Disableing mod_logio or make it static in the webserver works. No more bus errors
I can confirm that the bug is also gone in 2.4.14. Patches seem to be ok. Unfortunately every graceful restart of apache creates several new processes stuck in "G" state. pstack does not show any difference between the stuck processes and the ones still working. This was already the case with 2.4.12 Here is s sample stack trace, but currently I can't see a direct connection to this bug: 10108: /opt/apache24/bin/httpd -f /opt/apache24/conf/httpd.conf-UGIRQJ -DIT - ffffffff7dbdcbc0 lwp_mutex_timedlock (ffffffff7a200000, 0) ffffffff7dbd0b74 mutex_lock_internal (ffffffff7a200000, 0, 1, ffffffff7dd00200, 51, 1) + 1dc ffffffff7e827584 proc_mutex_proc_pthread_acquire (1003188a8, 1003382d0, 0, 0, 0, 100324cc0) + 10 ffffffff7e828000 apr_proc_mutex_lock (1003188a8, 0, 2, 0, 0, 1003268a8) + 18 00000001000a8d80 accept_mutex_on (8, 2, 0, 11, 1003208c8, 1001ccb64) + 20 00000001000aae60 child_main (11, 1000a993c, 0, ffffffff7dd00200, 0, ffffffff7dd4a360) + 9f4 00000001000ab658 make_child (10021d708, 11, 0, 0, 10021d708, ffffffff7ffff610) + 318 00000001000acde0 prefork_run (1001d9ad8, 100207cc8, 10021d708, 10021d708, 100313b60, 0) + dc8 0000000100038ca4 ap_run_mpm (1001d9ad8, 100207cc8, 10021d708, 10021d708, 101010100000000, ffffffff7ffff828) + c4 000000010002b29c main (6, ffffffff7ffff968, ffffffff7ffff9a0, 1001cd948, 100000000, ffffffff7dd00200) + 19f8 0000000100027ccc _start (0, 0, 0, 0, 0, 0) + 7c
(In reply to Ralf Lehmann from comment #23) > I can confirm that the bug is also gone in 2.4.14. > Patches seem to be ok. Thanks for testing, I'm closing this report.

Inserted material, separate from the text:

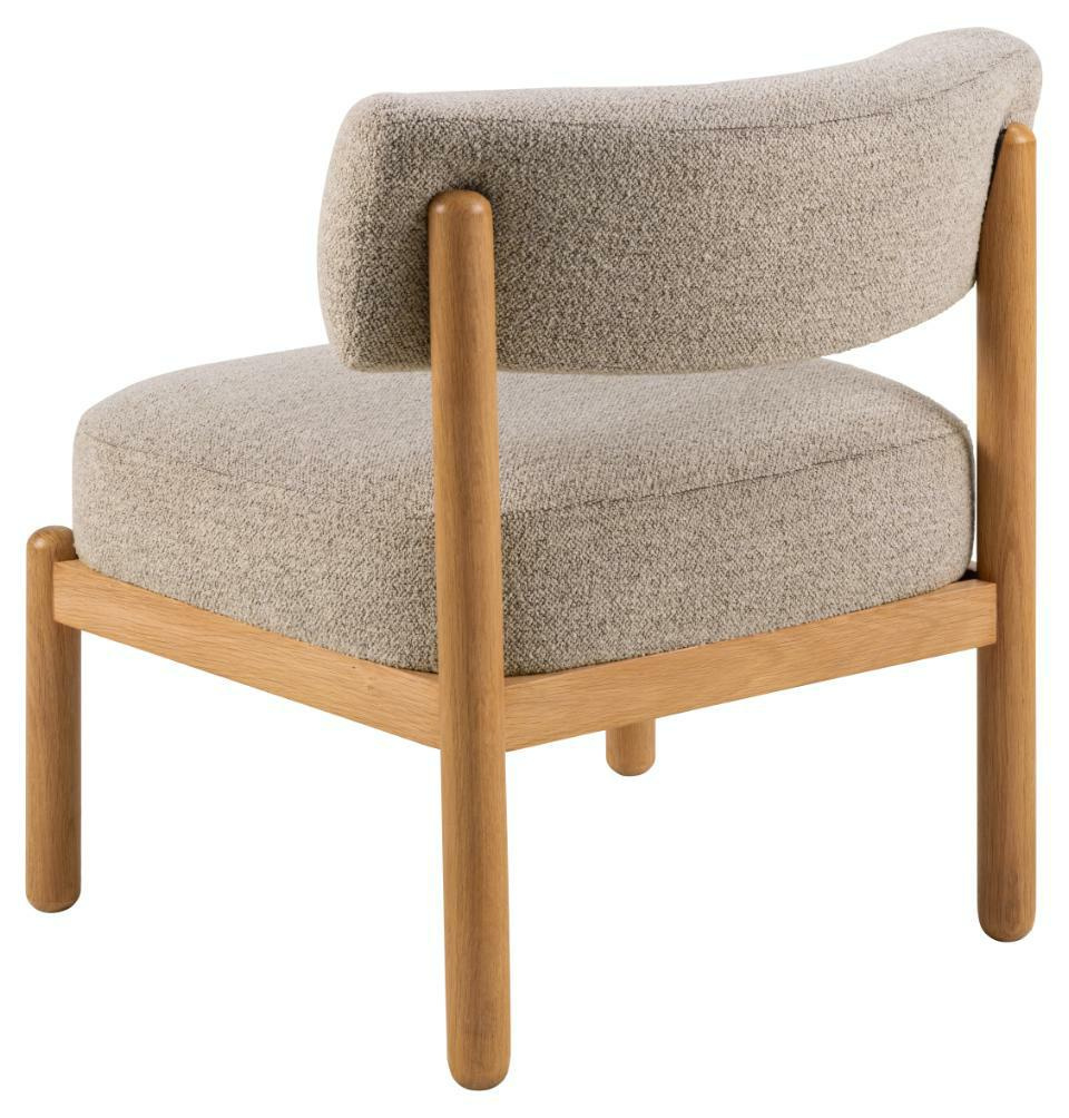 Fotel wypoczynkowy Burley, stworzony z myślą o stworzeniu nowoczesnego, skandynawskiego klimatu w Twoim domu, oferuje estetykę i wygodę. Wykonana z wytrzymałego, zaokrąglonego drewna dębowego, niskoprofilowa lakierowana rama jest uzupełniona sprężynami kieszeniowymi, zapewniającymi większy komfort. W połączeniu z beżową tapicerką bouclé, stanowi nowoczesne rozwiązanie do siedzenia, pasujące do współczesnych domów.

(In reply to Ralf Lehmann from comment #23) > > Unfortunately every graceful restart of apache creates several new processes > stuck in "G" state. pstack does not show any difference between the stuck > processes and the ones still working. It may be related to Bug 49504, otherwise please open a new report.